Funding is frequently a challenge when it comes to psychological services, explains Sullivan. Medicaid is a particular problem because it is the largest item in a state's budget. As a result, it's common for states to try and trim Medicaid budgets, by eliminating "optional" services such as psychological treatment. This means that state associations have to fight to get them reinstated, Sullivan notes.
Once again, after sustained grassroots action by the New York State Psychological Association, the legislature reversed the governor's budget proposal and kept psychology in its Medicaid program. And this year, overcoming significant obstacles, Texas succeeded in having its psychological services restored.

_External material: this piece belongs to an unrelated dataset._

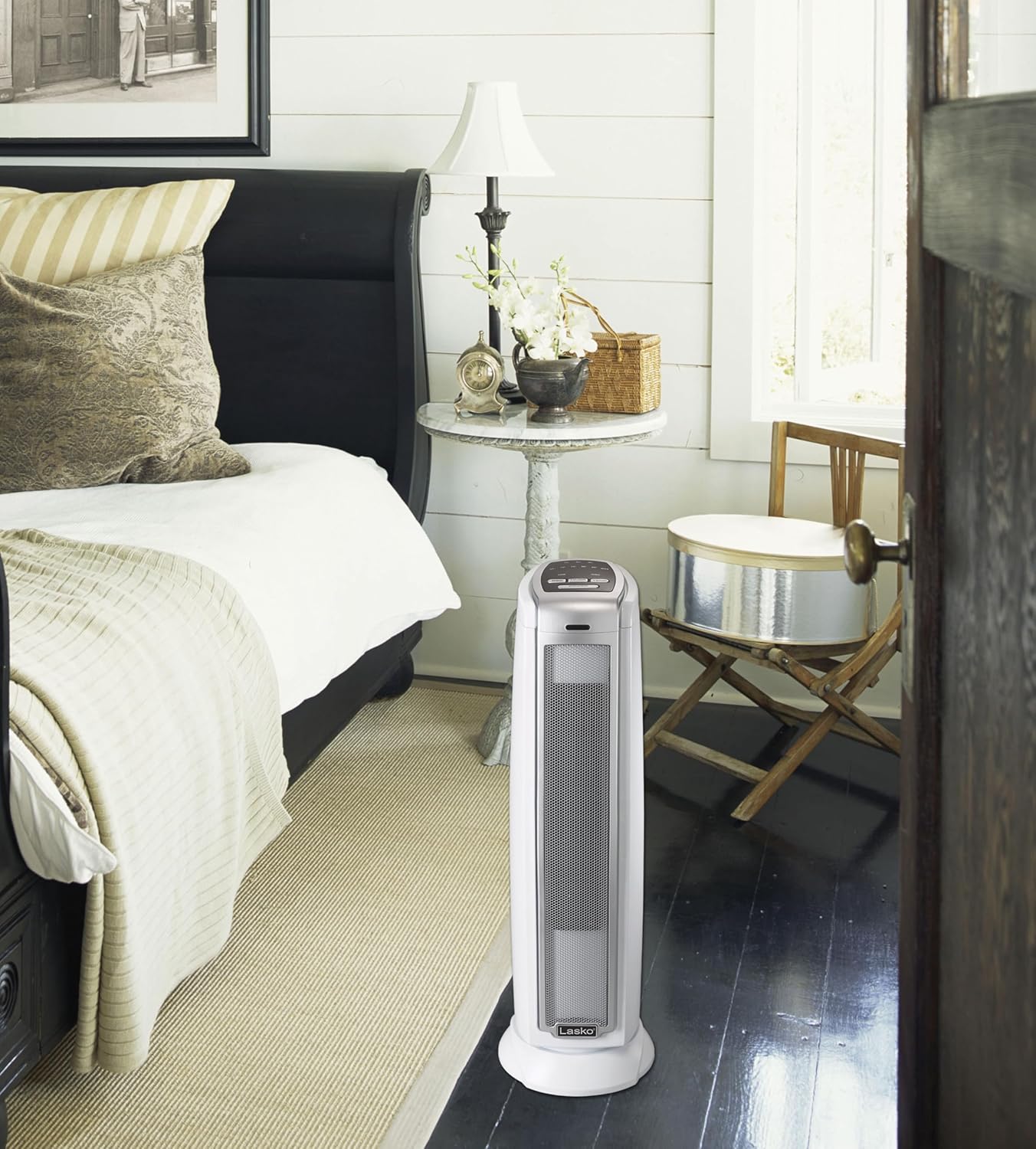 This ceramic tower heater from Lasko adds quick warmth to your den, bedroom or home office. Turn down the whole-house thermostat and warm just the room you’re in with this powerful space heater. The patented comfort system projects 1500 watts of comforting heat into the space, while the compact size and built-in carry handle allow you to easily transport from room-to-room. Features include 7-hour auto-off timer, 2 heat settings, and thermostat function. Equipped with built-in safety features, including automatic overheat protection, safe ceramic element, and cool-to-the-touch housing. Comes fully-assembled with a 3-year limited warranty.

Hospital practice regulations
Finally, California's Department of Health Services (DHS) granted psychologists most of the same privileges in acute care state hospital facilities that psychiatrists have, including the ability to admit, diagnose and discharge patients. These regulations are the result of advocacy by Psychology Shield, a nonprofit organization-supported by the APA Practice Organization and others-devoted to improving patient care in California's state-operated mental hospitals, and the California Psychological Association (CPA).
However, the state psychiatric association and psychiatric union have filed a lawsuit against DHS challenging the regulations-attempting to block psychologists from exercising these privileges.
The APA Practice Organization will provide Psychology Shield and CPA with any necessary assistance in helping DHS defend against the psychiatrists' lawsuit, notes Alan Nessman, special counsel for the APA Practice Directorate's Office of Legal and Regulatory Affairs.